The Society for Social Work and Research

2014 Annual Conference

January 15-19, 2014 I Grand Hyatt San Antonio I San Antonio, TX

117P
The Impact of Pretreatment Symptoms and Insight On the Therapeutic Congruence During the Treatment of Schizophrenia

Schedule:
Saturday, January 18, 2014
HBG Convention Center, Bridge Hall Street Level (San Antonio, TX)
* noted as presenting author
Shuangzhou Chen, MSW, Doctoral student, University of Pittsburgh, Pittsburgh, PA
Christina E. Newhill, PhD, Professor, University of Pittsburgh, Pittsburgh, PA

Background and purpose:
Treatment for individuals with schizophrenia has been a great challenge for social workers in terms of providing and monitoring effective pharmacological and psychosocial interventions.  Therapeutic congruence (the extent to which clients and clinicians perceive treatment issues similarly) regarding the assessment of client reports of adverse events related to antipsychotic medication treatment and the impact of symptoms and insight has rarely been examined.  Knowledge about clients’ baseline symptoms and their insight into their symptoms and illness is an important consideration when evaluating the impact of symptoms on clients’ lives and the extent to which clients and clinicians assess medication adverse events similarly or not.
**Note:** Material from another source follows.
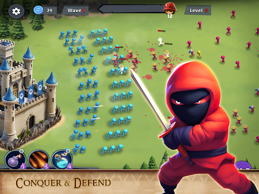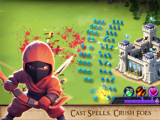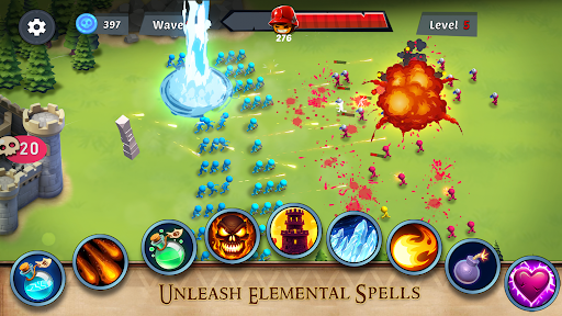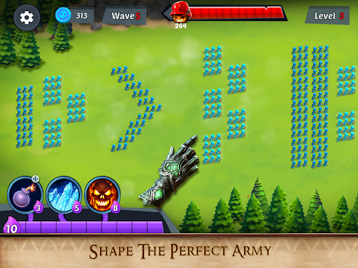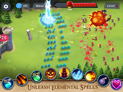 Discover a variety of magic abilities that can help you conquer your enemies' waves. You can try out the healing ability to revive your troops, the fireball that can be directed to kill or weaken a group of enemies, the icebergs that appear in the middle of the battlefield, the mines you can set to kill enemies when they step on them, and other exciting abilities. 🪄💥❄️🌋💣

Methods:Data was obtained from a sample of 876 individuals with schizophrenia or schizoaffective disorder recruited from multi-site randomized controlled trials of antipsychotic medications from the Clinical Antipsychotic Trials of Intervention Effectiveness (CATIE) project supported by NIMH.  This study included demographic and diagnostic data for subjects who have therapeutic assessment congruence or discrepancy with their clinicians, measures of clients’ insight and symptoms, differences between groups with congruent assessment and discrepant assessment in terms of clients’ clinical symptoms and insight, and factors predicting congruent assessment on clients’ adverse events.  Two reliable measurement tools, the Insight and Treatment Attitude Questionnaire (ITAQ) and the Positive and Negative Syndrome Scale (PANSS), were administered to assess clients’ awareness of illness and attitudes toward medication or hospitalization and presence of negative symptoms of schizophrenia. T-test and multivariate logistic regression model were used to examine the crucial factors determining therapeutic congruence.

Results:  Seventy-three percent of clients with schizophrenia and their clinicians have congruent reports on their adverse events experienced related to antipsychotic medication.  Client insight into his or her illness was consistently higher in the therapeutic congruence group. Furthermore, greater insight and enhanced motivation about accepting psychiatric treatment was observed in the therapeutic congruence group. Clients in the therapeutic discrepancy group showed higher levels of both positive and negative symptomatology. A multivariate logistic regression model showed that having negative symptoms and good insight into one’s illness and the need for treatment can be significant predictors for therapeutic congruence between clients and clinicians.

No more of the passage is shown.